En otras palabras, usted iba a Correos y le decía a la funcionaria en la ventanilla: Dona mihi decem de eso, sellos, claro, qué va a ser. Durante unos años, todo el mundo intentaba poner cara seria mientras hacía el ridículo, pero la cosa se acabó, así me lo contaron en Bagdad, y no sé si es verdad o mentira, cuando llegó la guerra contra Irán en 1980, y los oficiales se encontraban con que al grito de ¡Impetus! ¡Ad inimicum!, los reclutas salían corriendo porque ante la duda habían interpretado sálvese quien pueda. No era posible hablar a la vez fus·ha y ganar la guerra, concluyó Saddam, y realidad y teoría volvieron a separarse limpiamente.

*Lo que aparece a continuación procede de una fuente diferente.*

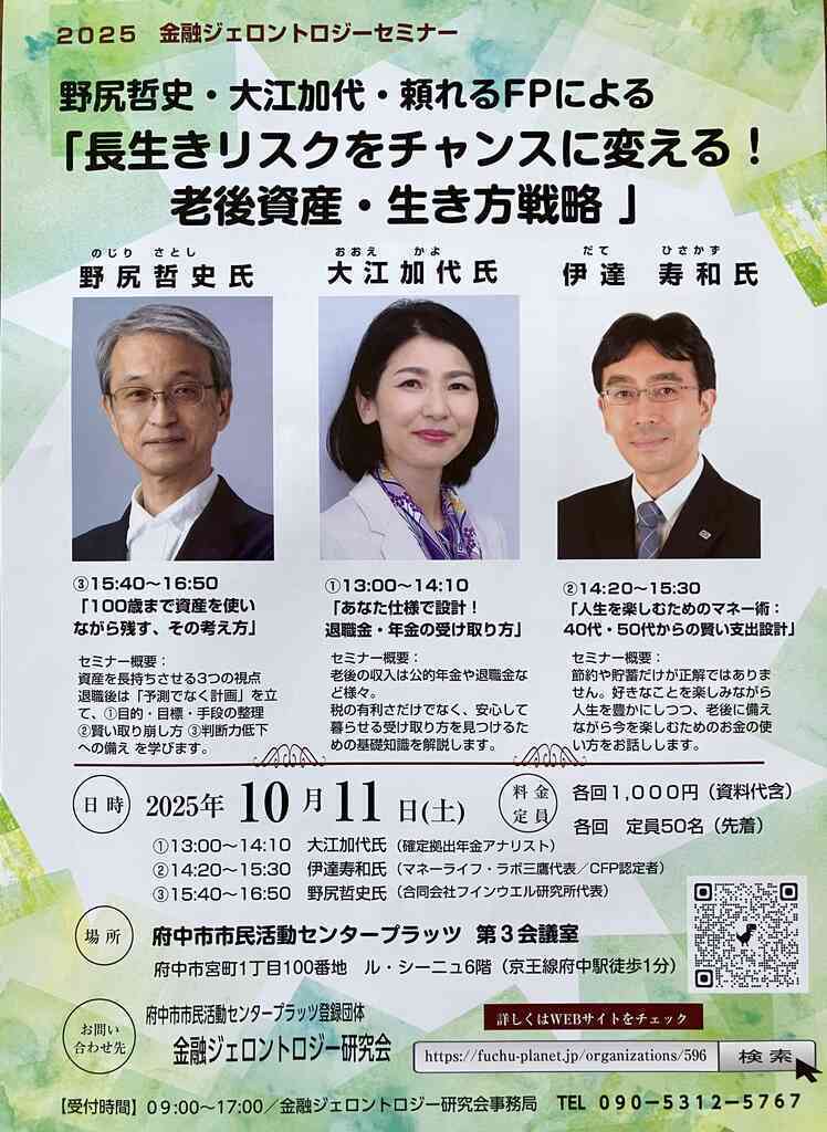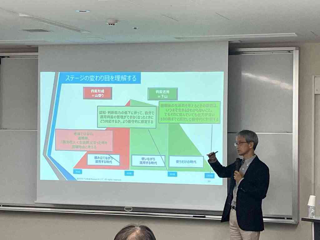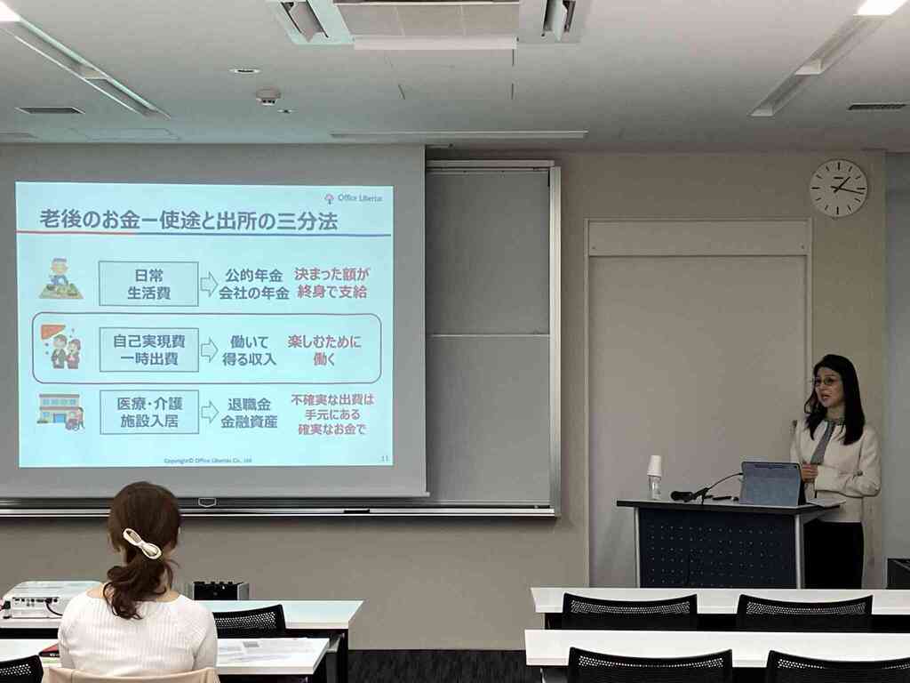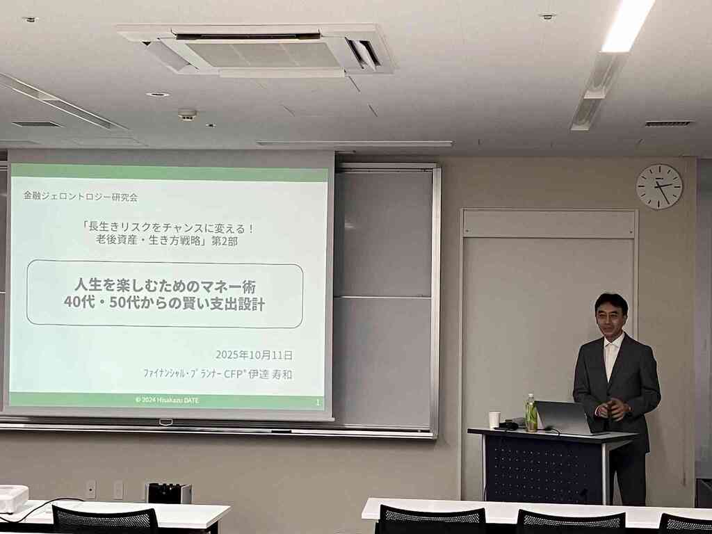 「長生きリスクをチャンスに変える!老後資産・生き方戦略」セミナーを開催いたしました。 本セミナーでは、昨年大変好評を博した『100歳まで残す 資産「使い切り」実践法』の著者であり、合同会社フィンウェル研究所代表の野尻哲史氏を今年も講師としてお迎えし、資産を上手に取り崩すことで「資産寿命を延ばす」ための具体的な考え方やアイデアについてご講演いただきました。 また、確定拠出年金アナリストの大江加代氏からは、老後も安心して暮らすための年金や退職金の受け取り方について、基本的な知識を分かりやすく解説していただきました。 さらに、「頼れるFP」として活動されている伊達寿和氏には、人生をより楽しむための実践的なマネー術についてお話しいただきました。 いずれの講演も参加者から大変好評をいただき、「長生きをリスクとして捉えるのではなく、チャンスに変えていくために、今から準備していきたい」といった前向きな感想が多く寄せられました。

Y ahí seguimos hasta hoy. Con una lengua bellísima, su impresionante tesoro poético, filosófico y científico de otros siglos, leída y entendida por cientos de millones de personas en un territorio que abarca un diez por ciento de las tierras del planeta… y que publica al año un número de libros que en las listas aparece en alguna parte entre Serbia y República Checa. Esto no es normal.

Y no es que nadie sepa leer. Pasee por una avenida de Rabat o Casablanca: verá que gran parte del escaparate está en francés. Sí: los novelistas son marroquíes, pero eligen escribir en un idioma que no es suyo. ¿Por qué? Porque el otro, el árabe, tampoco es suyo.

No existe un diálogo creíble en árabe, porque no se habla en ninguna calle del mundo

No hablo de los marroquies de lengua materna tamazigh, sino de esa mitad de la población cuyo idioma desde la cuna es el dáriya, es decir el árabe magrebí. Un idioma con una gramática, una fonética y un vocabulario distintos del fus·ha, y también distintos del egipcio, iraquí o levantino, pero muy similar a lo que se habla en Argelia, Túnez y hasta Trípoli. Un idioma con aproximadamente sesenta millones de hablantes nativos en cuatro países. Pero no reconocido. No estandarizado. Inexistente. Dialecto.

Si usted es magrebí y quiere escribir, no puede hacerlo en su idioma materno. Debe elegir bien el árabe, bien el francés. Imagínese que usted es escritora marroquí y plantea una escena de dos adolescentes que se quieren dar un beso. Según las circunstancias necesitará registros formales, vulgares, cultos, callejeros. En Marruecos no se habla francés en la calle, pero en Francia sí: podrá usar esos registros. En árabe no. En árabe será dona mihi osculum, punto. No existe un diálogo creíble en árabe, porque no se habla en ninguna calle del mundo.

En los últimos años, en Marruecos se han elevado voces para plantear, con un siglo de retraso, estandarizar el magrebí y elevarlo a rango de idioma nacional. Quiero decir de idioma escrito, porque nacional ya es: sirve de vehículo de comunicación diaria a 25 millones de personas —no todos nativos— desde el borde del Sáhara hasta las playas de Tánger.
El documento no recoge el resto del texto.